7. A miniature spectrometer, characterized in that said micro spectrometer comprises: An input unit receiving an optical signal;

 a micro-diffraction grating that receives the optical signal and separates the optical signal into a plurality of spectral components, the micro-diffraction grating comprising a first wafer segment and a second wafer segment, the first wafer The segment has a focusing surface and a diffraction pattern formed on the focusing curved surface, and the second wafer segment has a reflecting surface;

 a photosensor that receives the plurality of spectral components separated and focused by the micro-diffractive grating;

 a waveguide device comprising a first waveguide sheet and a second waveguide sheet facing each other to define an optical channel together with the input portion, the micro diffraction grating and the photo sensor, The first waveguide sheet is located on an upper surface of the first wafer segment, and the second waveguide sheet is in partial contact with the reflective surface of the second wafer segment to enable one of the optical signals The first portion reaches the diffraction pattern and causes a second portion of the optical signal to reach a portion where the reflective surface is not in contact with the second waveguide sheet.

 8. The miniature spectrometer of claim 7 wherein:

 The plurality of spectral components comprise a zero-order spectral component and a first-order spectral component;

 The photo sensor has a first sensing section and a second sensing section, the first sensing section receives the zero-order spectral component, and the second sensing section receives the first a spectral component of the order, and the first sensing section and the second sensing section simultaneously receive the second portion of the optical signal reflected from the reflective surface.

 The micro spectrometer according to claim 8, wherein the first sensing section and the second sensing section are arranged in a line, and the photo sensor has a plurality of photosensitive cells. The plurality of photosensitive cells are arranged in a line, and the number of the plurality of spectral components is greater than or equal to two.
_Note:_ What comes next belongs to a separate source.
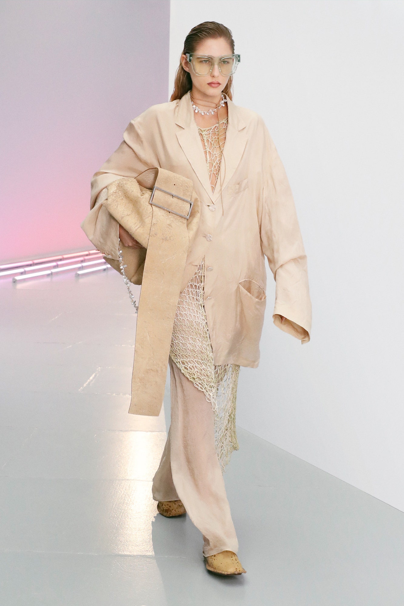 Davon gab es reichlich: Blazer in weiten Silhouetten und große, transparente Sonnenbrillen.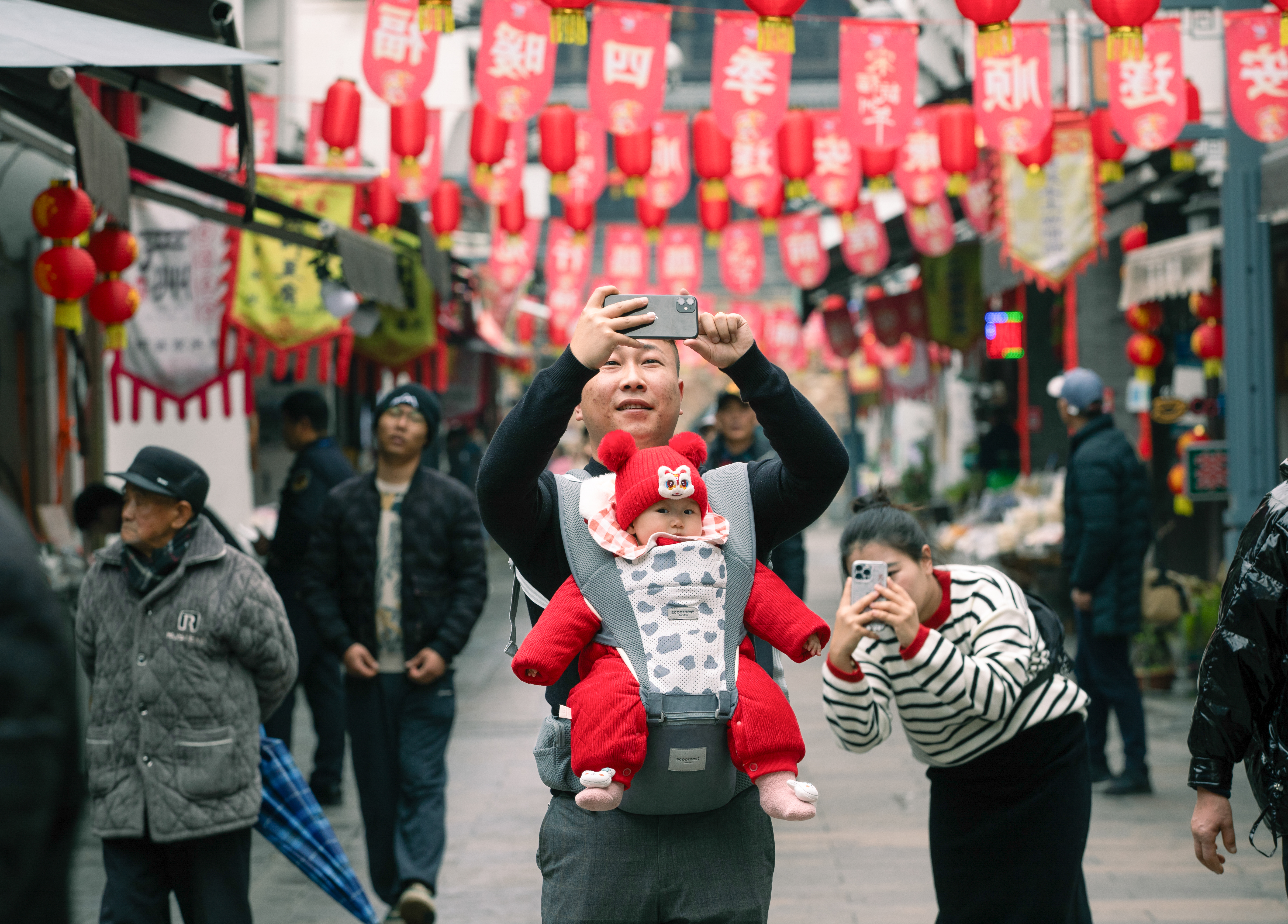 邹鸿《红灯笼下的亲子趣“拍”》

 10. The micro spectrometer of claim 8, wherein the micro spectrometer further comprises a light emitting device that emits the optical signal after passing a light source through a sample.

11. The micro spectrometer according to claim 8, wherein the micro spectrometer further comprises: A housing, wherein the input portion, the micro-diffraction grating, the photo sensor, and the waveguide device are mounted in the housing.

 12. The microspectrometer of claim 8, wherein the plurality of spectral components further comprise a second order spectral component, and wherein the second sensing segment of the photosensor further receives the Second-order spectral component.

 13. The microspectrometer according to claim 8, wherein an angle between the first sensing section and the second sensing section is not equal to 0 or 180 degrees.

 The micro spectrometer according to claim 7, wherein the micro spectrometer further comprises a stray light filtering structure, which filters out a stray light component in the optical signal, and the stray light filtering The construct contains:

 a first filter section having a first tooth structure;

 a second filter section having a second toothed structure facing the first tooth structure, and an optical path defined between the first tooth structure and the second tooth structure The non-stray light component in the optical signal passes.

 15. The microspectrometer of claim 14, wherein the first filter zone and the second filter zone are on the same plane.